WHAT THE TASK REQUIRES: Find "本次布施典礼由缅甸福建同乡总" below and begin at its line; stop after the line with "Наши любимцы!Как же". Output those lines exactly, without pictures.

DATA FOR ANALYSIS:
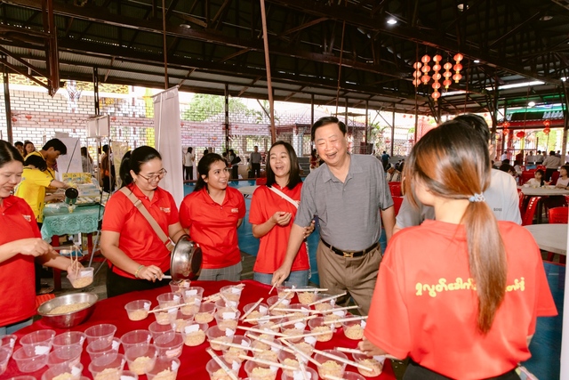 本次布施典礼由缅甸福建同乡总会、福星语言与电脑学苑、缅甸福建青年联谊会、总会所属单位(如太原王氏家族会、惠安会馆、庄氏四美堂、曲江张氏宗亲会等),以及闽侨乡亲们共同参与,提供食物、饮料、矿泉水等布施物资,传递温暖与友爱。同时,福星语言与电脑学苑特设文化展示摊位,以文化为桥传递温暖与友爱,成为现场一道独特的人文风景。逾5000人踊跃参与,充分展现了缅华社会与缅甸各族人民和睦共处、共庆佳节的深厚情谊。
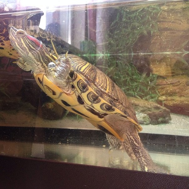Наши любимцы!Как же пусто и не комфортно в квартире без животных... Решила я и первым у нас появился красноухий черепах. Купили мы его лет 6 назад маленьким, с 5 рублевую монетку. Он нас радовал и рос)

* * *

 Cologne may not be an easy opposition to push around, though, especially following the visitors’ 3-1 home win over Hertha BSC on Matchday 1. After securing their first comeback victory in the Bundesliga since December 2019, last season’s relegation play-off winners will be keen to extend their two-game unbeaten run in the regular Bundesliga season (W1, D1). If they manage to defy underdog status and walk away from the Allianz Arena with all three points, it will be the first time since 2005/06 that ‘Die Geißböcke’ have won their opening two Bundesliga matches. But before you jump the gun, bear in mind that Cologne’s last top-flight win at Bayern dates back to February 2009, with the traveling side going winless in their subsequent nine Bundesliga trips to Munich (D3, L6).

TASK SOLUTION:
 本次布施典礼由缅甸福建同乡总会、福星语言与电脑学苑、缅甸福建青年联谊会、总会所属单位(如太原王氏家族会、惠安会馆、庄氏四美堂、曲江张氏宗亲会等),以及闽侨乡亲们共同参与,提供食物、饮料、矿泉水等布施物资,传递温暖与友爱。同时,福星语言与电脑学苑特设文化展示摊位,以文化为桥传递温暖与友爱,成为现场一道独特的人文风景。逾5000人踊跃参与,充分展现了缅华社会与缅甸各族人民和睦共处、共庆佳节的深厚情谊。
Наши любимцы!Как же пусто и не комфортно в квартире без животных... Решила я и первым у нас появился красноухий черепах. Купили мы его лет 6 назад маленьким, с 5 рублевую монетку. Он нас радовал и рос)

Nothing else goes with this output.